The conclusions of this research are as followings: First, the CCF-NKPA relations at the highest levels during the creation of the CCF-NKPA Combined Forces Command and the conduct of the Korean War were characterized as a tension and conflict, not as friendship. The CCF-NKPA Combined Forces Command, which is created in December 1950 for the purpose of unity of commands for two forces, was perceived by Kim Il-sung not only as a military command defending an alliance's common interest against external threats, but also as an political institution intervening in the North Korean internal affairs. The Establishment of the CCF-NKPA Combined Forces Command meant to Kim Il-sung a “lost" of his own operational command which can be interpreted as an expansion of chinese influence over the North Korea.

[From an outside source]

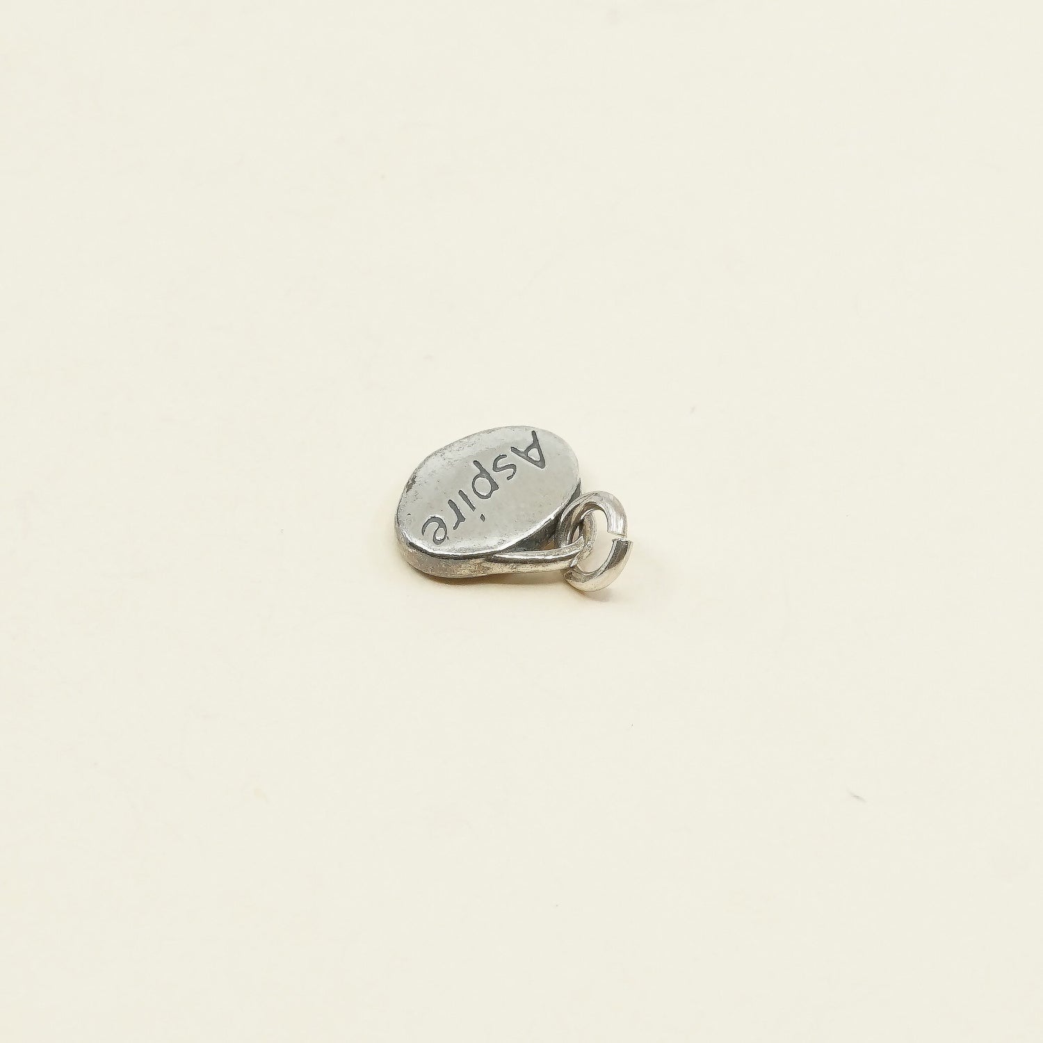 Vintage sterling silver handmade pendant, solid 925 silver tag charm with "aspire" engraved, stamped 925 SLC

The Chinese really attempted to draw towards themselves the commanders of the NKPA, and were not ashamed to interfere in the internal affairs of North Korea. This all made Kim Il-sung anxious about his regime security.
Consequently, Kim Il-sung intended to prevent Peng Dehuai (Commander of the CCF-NKPA Combined Forces Command) from expanding his power over the Yenan-faction by introducing the Soviet in keeping a balance of power between two powers. Kim Il-sung's Mistrust against the chinese leadership was mixed with his personal psychological factor that he had experienced during the Anti-Japanese War in the 1930s and in the winter 1950-1951. He preferred therefore to rely on the soviet side.

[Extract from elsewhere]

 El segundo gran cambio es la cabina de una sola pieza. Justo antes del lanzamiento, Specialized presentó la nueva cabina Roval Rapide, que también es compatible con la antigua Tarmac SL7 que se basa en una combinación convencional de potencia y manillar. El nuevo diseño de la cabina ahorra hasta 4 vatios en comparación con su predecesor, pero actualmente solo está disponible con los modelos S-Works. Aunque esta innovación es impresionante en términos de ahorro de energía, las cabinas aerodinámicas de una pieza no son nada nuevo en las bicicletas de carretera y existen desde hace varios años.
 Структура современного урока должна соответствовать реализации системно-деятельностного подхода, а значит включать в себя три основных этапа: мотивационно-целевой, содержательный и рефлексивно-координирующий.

Second, tensions and conflicts between two nations had a lasting impact on the reorganization of the NKPA in two senses. On the one hand, Kim Il-sung stuffed the core position of NKPA's leadership with a Partisan-faction, so that he could seize the military power as an instrument for making his political power indisputable. The “Military" functioned for him rather an instrument for keeping his own political power internally, than an protecting force ensuring the sovereignty and survival of the national state externally. He succeeded to make the NKPA loyal to protect his own political status.

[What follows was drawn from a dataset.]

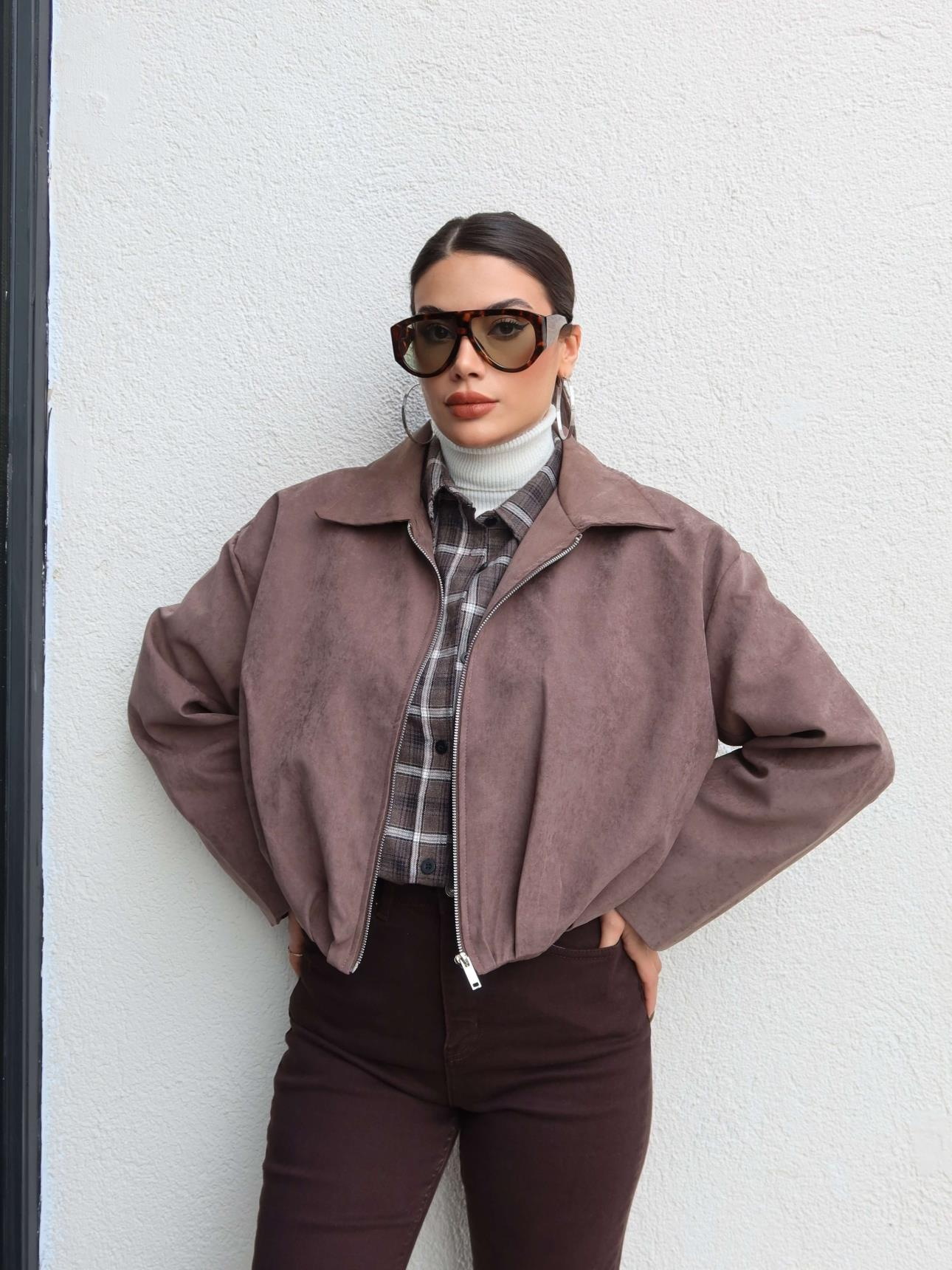Arkası Pileli Nubuk Ceket (EH-6136-KAHVERENGİ)

On the other hand, Kim Il-sung was more dependent on the soviet side to keep a balance against the chinese. Under great assistance and support from the soviet he attempted to regain the military capabilities. Kim Il-sung's plan was consistent with a intention of soviet that had a fear of an expansion of the Chinese over North Korean. The Training, military doctrine, tactical guideline during the reorganization of NKPA was accordingly influenced strongly by the soviet military thoughts and systems. The sole alternative that Kim Il-sung could select was leaning to the soviet side, considering an increasing influence of the chinese and their interference in the internal affairs.
Last but not least, the subject “the CCF-NKPA Combined Forces Command and the NKPA" needs studying more carefully with a deeper analysis in twofold respects. The Sino-North Korean military alliance nowadays is a key factor to understand the current security structure of the north east asia that is symbolized by the North Korean nuclear crisis and Cheonan-warship attack. Moreover, this helps us to prepare for the Contingencies in North Korea. In this sense, the subtle analysis on the above mentioned “dynamics of the politico-military relations of the CCF-NKPA Combined Forces Command" can provide a meaningful implication to the current status of the China-North Korea Alliance. On the other hand, it can also lead to a closer approach to the entity of so-called “Juche-strategy of NKPA" by clarifying the transfer-process of the Chinese traditional military thought to the NKPA through the bridge “the CCF-NKPA Combined Forces Command" sixty years ago.